**Task objective**
Could you repeat the data word for word while skipping the pictures?

**Input data**
______________________________

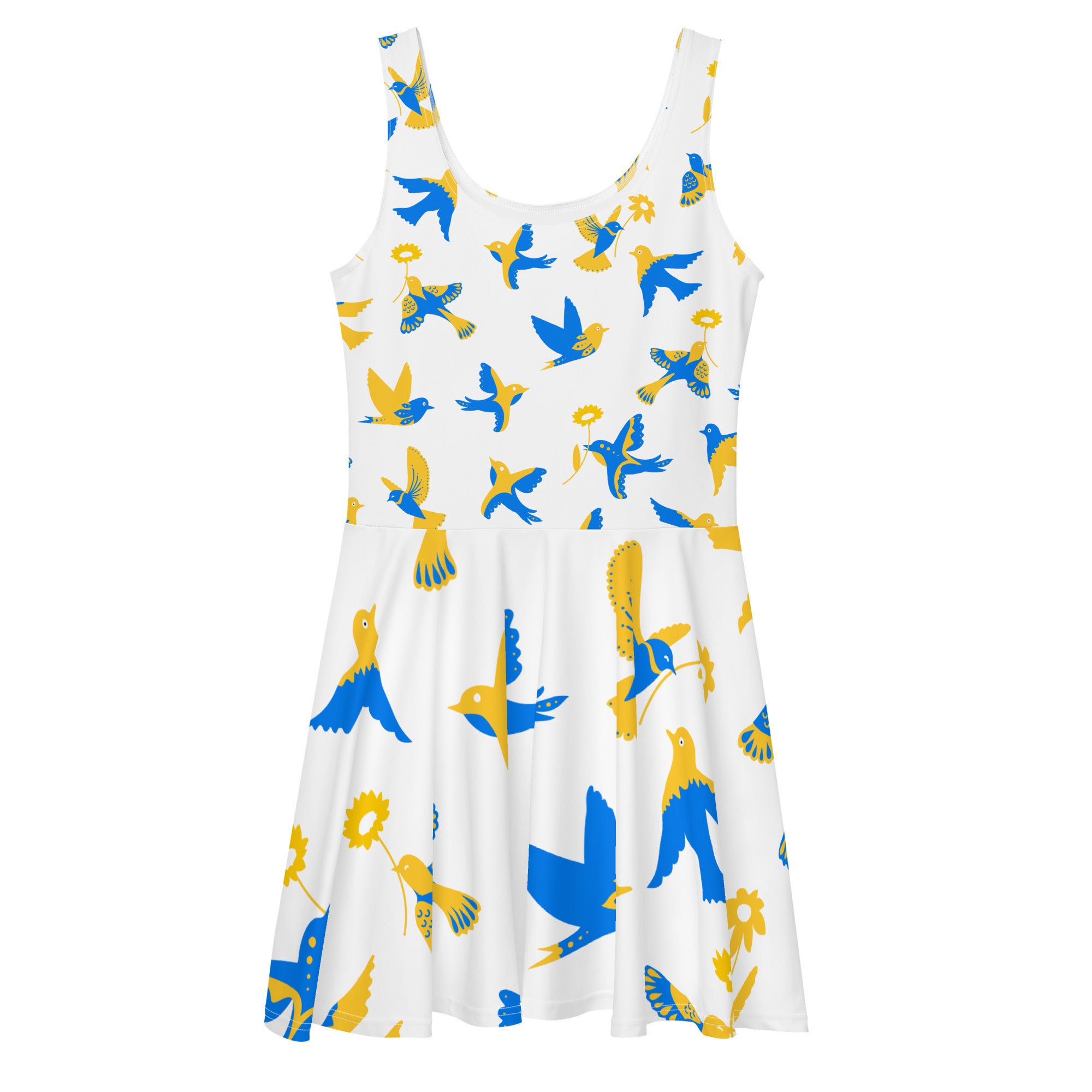 The nightingales design, a product of your imagination, adds a unique, serene twist, making this dress a standout piece in any wardrobe. Whether it’s a casual day out or a special occasion, this dress guarantees you’ll make a statement. Celebrate your individuality with our Nightingales Design Sleeveless Skater Dress.
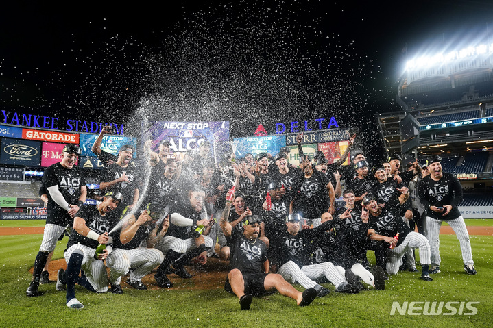 [뉴욕=AP/뉴시스] 뉴욕 양키스 선수들이 18일(현지시간) 뉴욕의 양키 스타디움에서 열린 2022 메이저리그 아메리칸리그 디비전시리즈(ALDS) 클리블랜드 가디언즈와의 5차전을 승리해 아메리칸리그 챔피언십시리즈(ALCS) 진출을 자축하고 있다. 양키스는 가디언스를 5-1로 물리쳐 3승 2패로 ALCS에 진출했다. 2022.10.19.
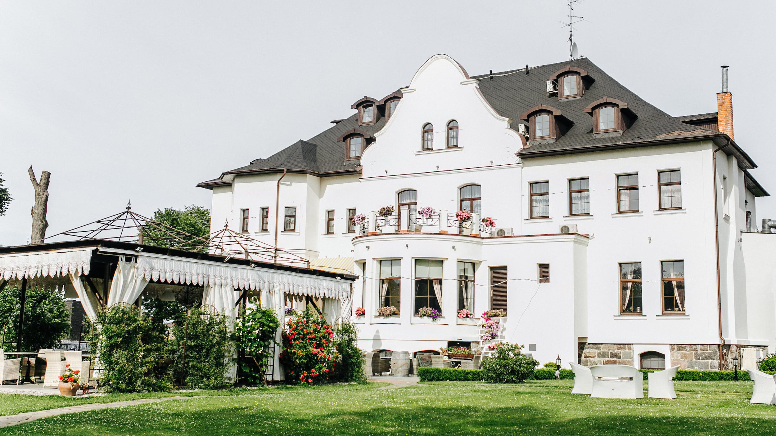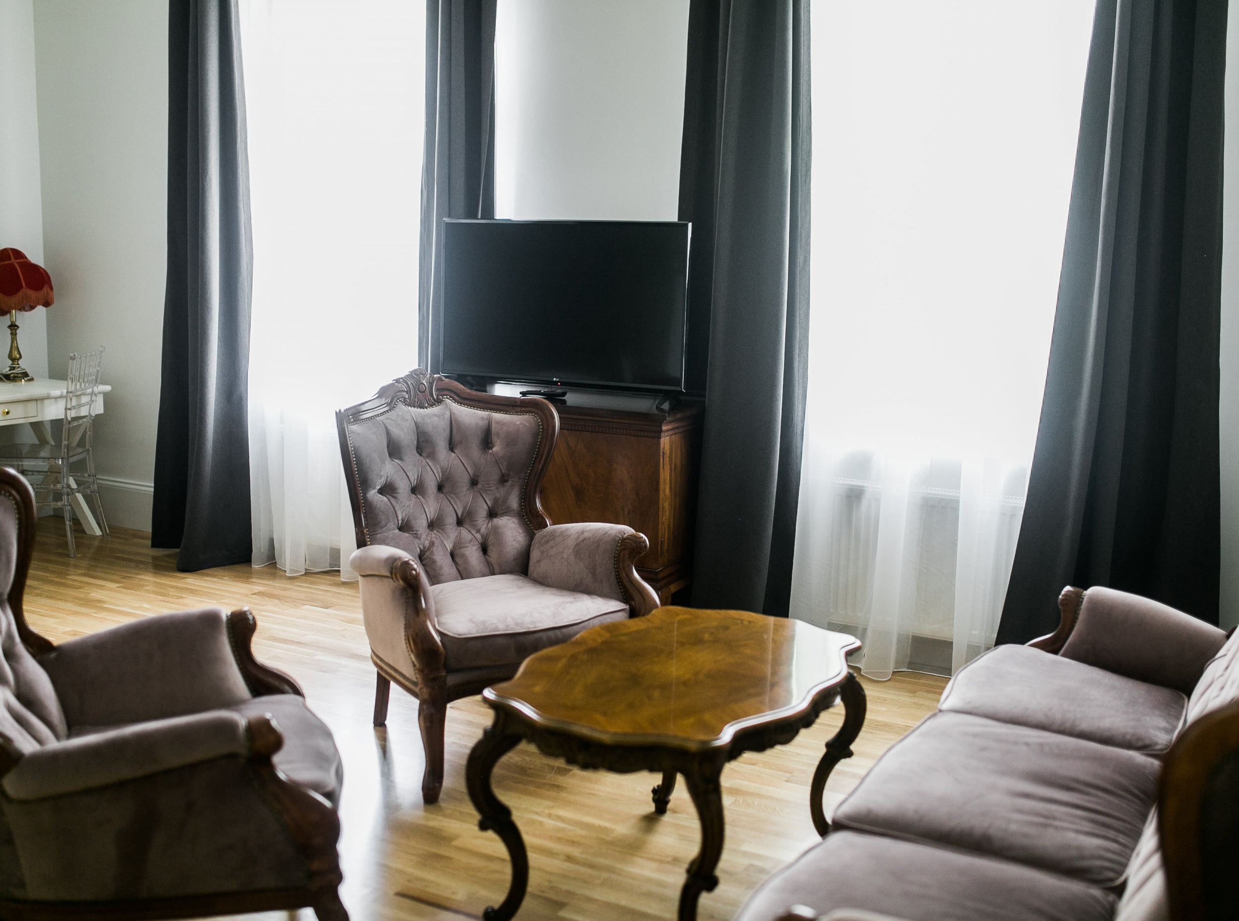 Люкс "Особняк у озера" (50 м.кв.): Отель располагает 2 элегантными номерами категории Люкс для размещения 1-го или 2-х человек. Максимальная вместимость до 3-х гостей: 2 на основных местах + 1 на дополнительном месте. Номер разделён на две зоны: гостиную и спальню. Роскошный, просторный номер, выполненный в элегантном интерьере для исключительно комфортного двухместного размещения. В каждом номере имеется спальная зона с удобной двуспальной кроватью, рабочая зона с функциональным столом, чайным набором и кофе-машиной, гостиная зона с диваном, просторная ванная комната с бодрящим тропическим душем или расслабляющей ванной, мини-холодильник, телефон с международным и междугородным доступом. Возможность бесплатного подключения к Интернету. Для удобства гостей предоставляются халаты и тапочки. Особый шарм номеру придает дизайнерская инсталляция, разделяющая его на гостиную и спальную зоны. Уникальной особенностью является два гардеробных шкафа и большое зеркальное полотно в пол, что, несомненно, порадует прекрасных модниц. Вся мебель выполнена из натурального дерева. Есть комната для приема гостей. Номера данной категории с видом на геометрический парк в стиле Versaeilles.

______________________________

**Task result**
 The nightingales design, a product of your imagination, adds a unique, serene twist, making this dress a standout piece in any wardrobe. Whether it’s a casual day out or a special occasion, this dress guarantees you’ll make a statement. Celebrate your individuality with our Nightingales Design Sleeveless Skater Dress.
 [뉴욕=AP/뉴시스] 뉴욕 양키스 선수들이 18일(현지시간) 뉴욕의 양키 스타디움에서 열린 2022 메이저리그 아메리칸리그 디비전시리즈(ALDS) 클리블랜드 가디언즈와의 5차전을 승리해 아메리칸리그 챔피언십시리즈(ALCS) 진출을 자축하고 있다. 양키스는 가디언스를 5-1로 물리쳐 3승 2패로 ALCS에 진출했다. 2022.10.19.
 Люкс "Особняк у озера" (50 м.кв.): Отель располагает 2 элегантными номерами категории Люкс для размещения 1-го или 2-х человек. Максимальная вместимость до 3-х гостей: 2 на основных местах + 1 на дополнительном месте. Номер разделён на две зоны: гостиную и спальню. Роскошный, просторный номер, выполненный в элегантном интерьере для исключительно комфортного двухместного размещения. В каждом номере имеется спальная зона с удобной двуспальной кроватью, рабочая зона с функциональным столом, чайным набором и кофе-машиной, гостиная зона с диваном, просторная ванная комната с бодрящим тропическим душем или расслабляющей ванной, мини-холодильник, телефон с международным и междугородным доступом. Возможность бесплатного подключения к Интернету. Для удобства гостей предоставляются халаты и тапочки. Особый шарм номеру придает дизайнерская инсталляция, разделяющая его на гостиную и спальную зоны. Уникальной особенностью является два гардеробных шкафа и большое зеркальное полотно в пол, что, несомненно, порадует прекрасных модниц. Вся мебель выполнена из натурального дерева. Есть комната для приема гостей. Номера данной категории с видом на геометрический парк в стиле Versaeilles.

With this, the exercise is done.